Validity of proof $\zeta(s) \neq 0$ for $\sigma\gt1$, where $\sigma$ is the real part of $s$ The Riemann zeta function is can be expressed as an infinite series, as well as an infinite Euler product over primes $p$.
$$ \zeta(s) = \sum_n 1/n^s = \prod_p(1-1/p^s)^{-1} $$
Here $s=\sigma+it$ and the function is defined for $\sigma>1$.
A natural question to ask is whether there are any zeros in the region $\sigma>1$.
Question: Is the following outline proof sufficient and correct?

Step 1
We note that none of the factors $(1-1/p^s)^{-1}$ is ever zero, because $p^s = e^{s\ln(p)} \neq 0$ for $\sigma>1$.

Step 2
The previous step is insufficient. We also need to demonstrate that the infinite product doesn't converge to zero.
To do this, we make use of the following convergence criteria:

*

*if $\sum|a_n|$ converges, then $\prod(1+a_n)$ converges to a finite non-zero value.


Step 3
In this case $\sum |a_n| = \sum 1/p^s$, which we know converges for $\sigma > 1$.
Therefore the Euler Product converges to a non-zero finite value.
 A: Your step 2 is overlooking some subtlety (for instance, what if $a_{17} = 1$ but the series still decays fast enough to converge?).

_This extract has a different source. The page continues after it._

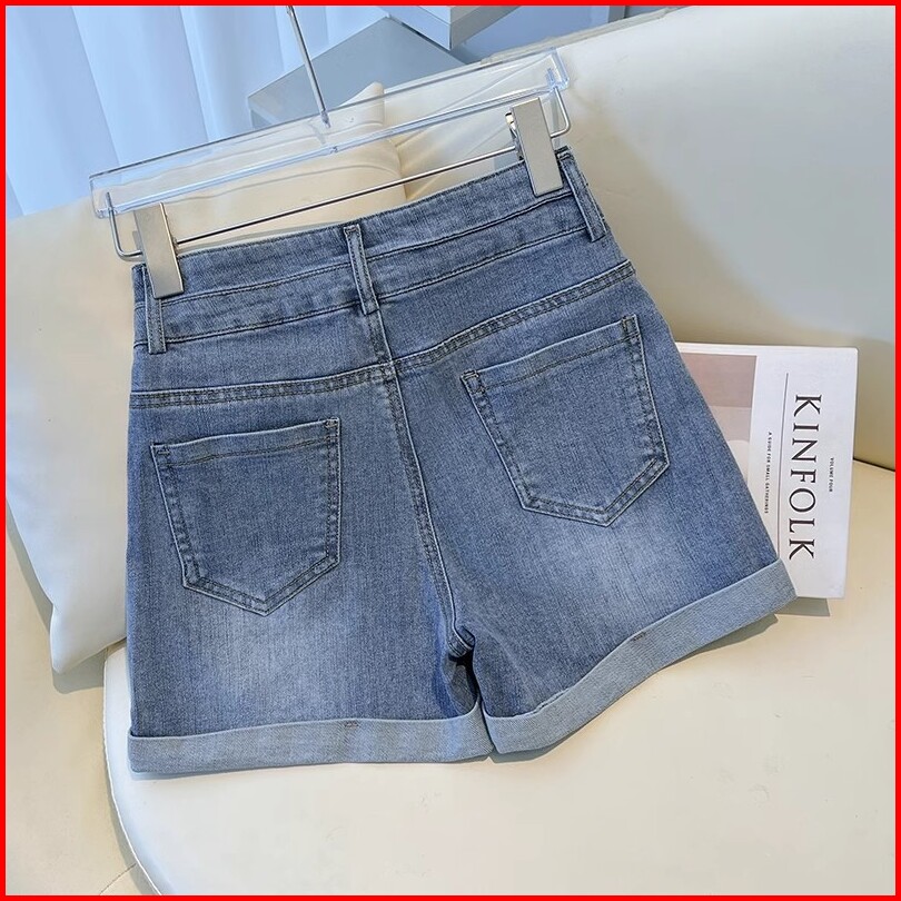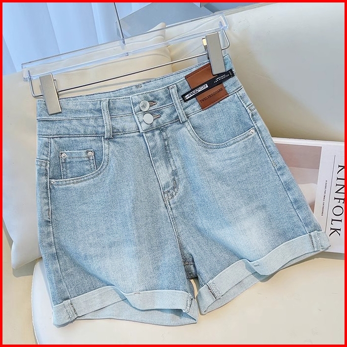 Kekinian.factory Hot Pants Jeans Wanita Celana Denim Korean Style Wanita Jumbo Warna Biru Short Pants Kekinian Bigsize C

To get around subtleties, proceed as follows.

*

*If $\prod |1-a_n|$ converges, then so does $\prod (1-a_n).$

*Hence, instead of looking at a product of possibly complex numbers as in the factorization of $\zeta(s),$ look at their magnitudes, each of which we know is nonzero.

*Prove that if $b_n$ are strictly positive reals, then $\prod b_n$ converges to a non-zero real if and only if $\sum \log b_n$ converges, which is fairly immediate by taking logarithms of partial products/exponentials of partial sums (to do this directly with the complex numbers requires more effort since the logarithm requires a branch cut to be defined, so we just take absolute values to reduce to positive reals and avoid that).

*Now conclude as in your step 2 above. (It's helpful to use the limit comparison test to change the log series into a series not involving logs, getting closer to your original formulation of step 2.)